Goal Thermometer There are a few promising signs. Clinton has at least tempered her enthusiasm for fracking some in recent debates, listing a series of preconditions she’d insist on before new projects were approved; Bernie Sanders, by contrast, has called for a moratorium on new fracking. But Clinton continues to conflate and confuse the chemistry: Natural gas, she said in a recent position paper, has helped US carbon emissions “reach their lowest level in 20 years.” It appears that many in power would like to carry on the fracking revolution, albeit a tad more carefully.

Indeed, just last month, Cheniere Energy shipped the first load of American gas overseas from its new export terminal at Sabine Pass in Louisiana. As the ship sailed, Cheniere’s vice president of marketing, Meg Gentle, told industry and government officials that natural gas should be rebranded as renewable energy. “I’d challenge everyone here to reframe the debate and make sure natural gas is part of the category of clean energy, not a fossil-fuel category, which is viewed as dirty and not part of the solution,” she said.
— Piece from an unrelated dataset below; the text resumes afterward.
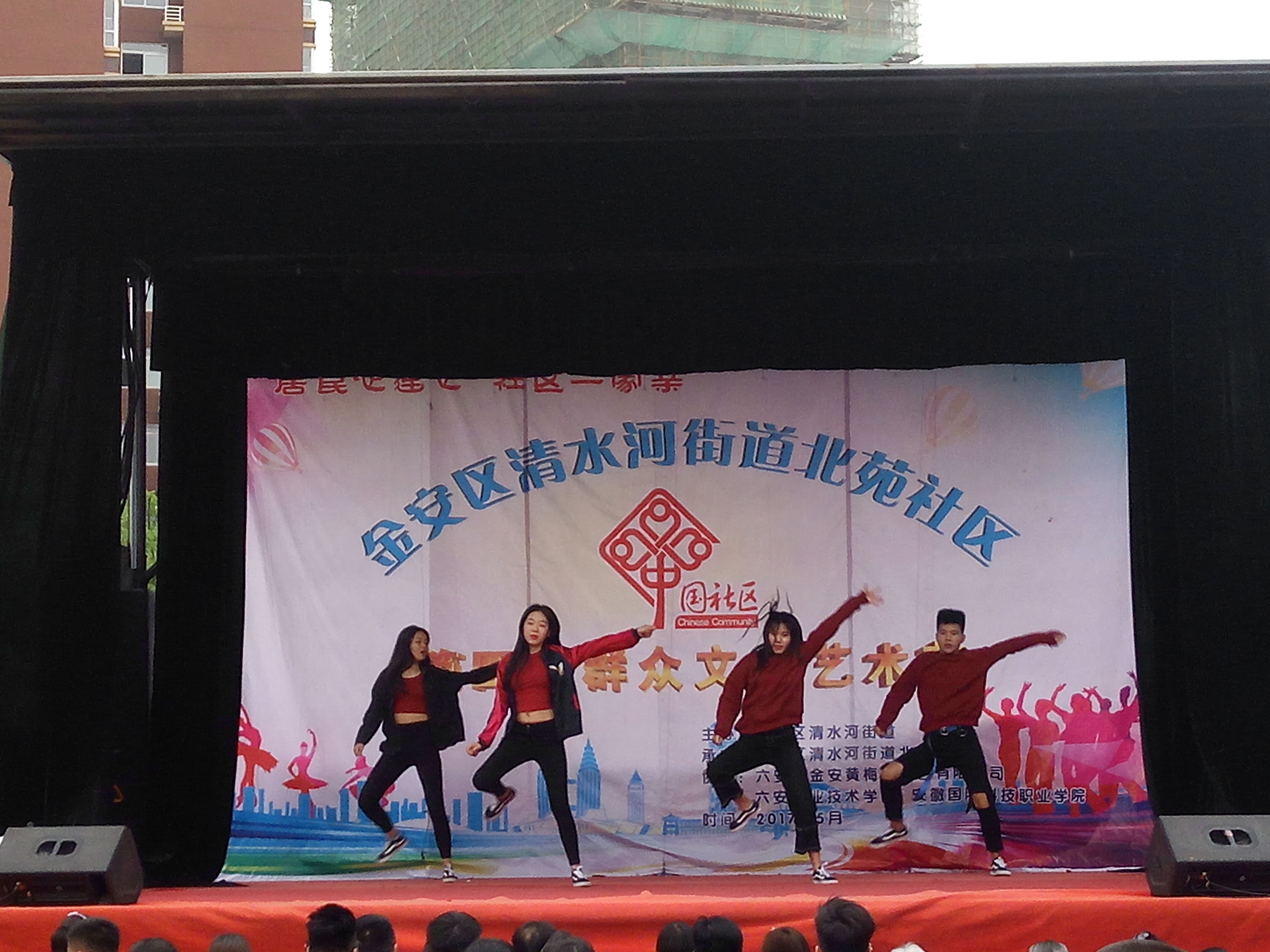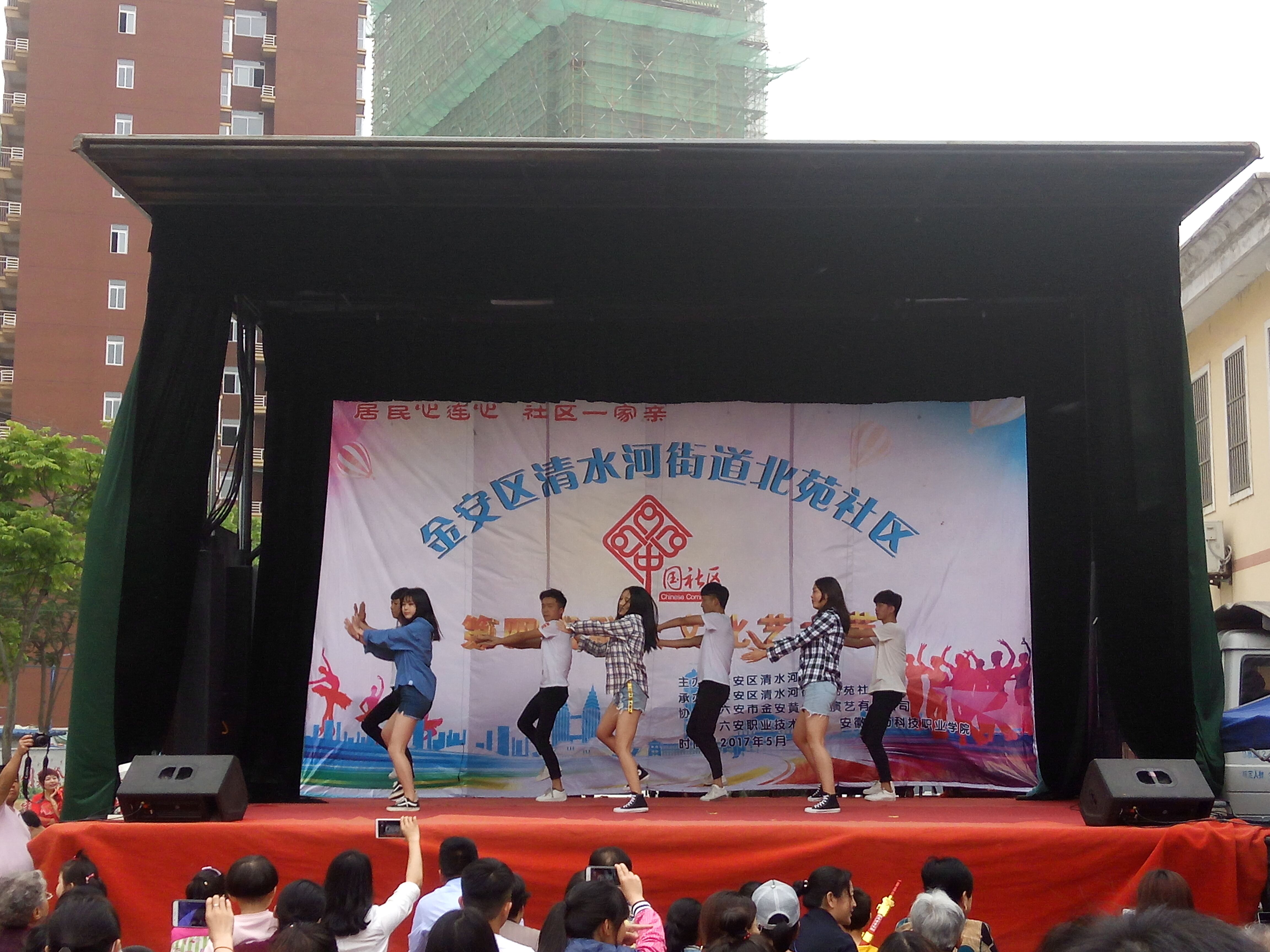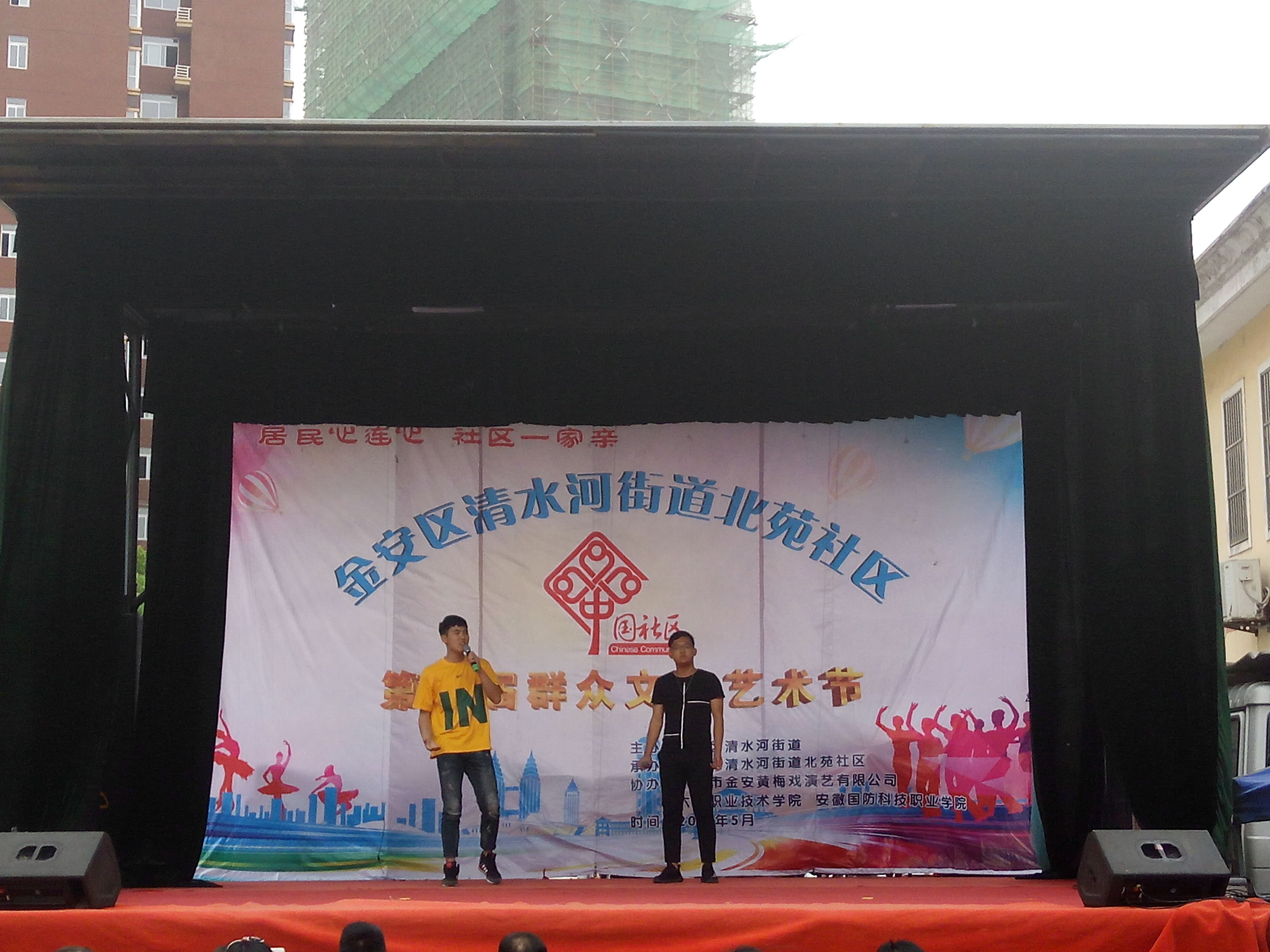 5月6日下午,万象城体育awcsport青年志愿小分队前往金安区清水河街道北苑社区开展文明城市创建志愿者服务进社区活动,弘扬青春正能量。活动现场,我院志愿者们向社区居民表演节目,与居民手拉手,通过文艺演出的形式向居民宣传创建文明城市、文化进社区工作,充分体现“居民心连心,社区一家亲”。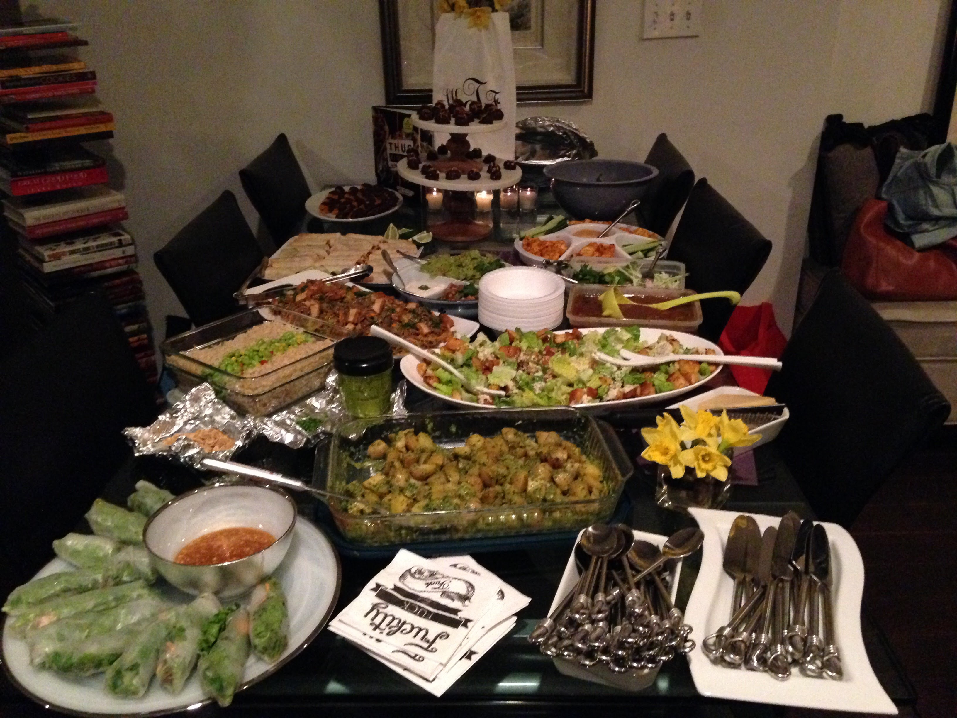 When Shayna hosts, she always does such a nice job adding little thematic touches – notice the F*ckity F*ck napkins. We had 5 newcomers, who we were excited to welcome into our growing group of regulars! With so many people coming to our potlucks, it’s getting harder and harder to fit all the food onto a plate and then into my stomach. We couldn’t even put all the dishes on one table. Not that I’m complaining. So without further ado, let’s see what was on the motherf*uckin’ menu…

A few days later, Exxon’s PR chief, writing in the Los Angeles Times, boasted that the company had been “instrumental in America’s shale gas revolution,” and that as a result, “America’s greenhouse gas emissions have declined to levels not seen since the 1990s.”

The new data prove them entirely wrong. The global-warming fight can’t just be about carbon dioxide any longer. Those local environmentalists, from New York State to Tasmania, who have managed to enforce fracking bans are doing as much for the climate as they are for their own clean water. That’s because fossil fuels are the problem in global warming-- and fossil fuels don’t come in good and bad flavors. Coal and oil and natural gas have to be left in the ground. All of them.
No wonder Clinton is afraid to do any more debates with Bernie. And this isn't something where she disagrees with anyone might have to debate in a general election situation. Trump, Cruz, Kasich and Ryan are all-- as in all things-- "worse than Hillary." That won't save the planet, but it will make some Democrats feel better about themselves when they vote for global catastrophe.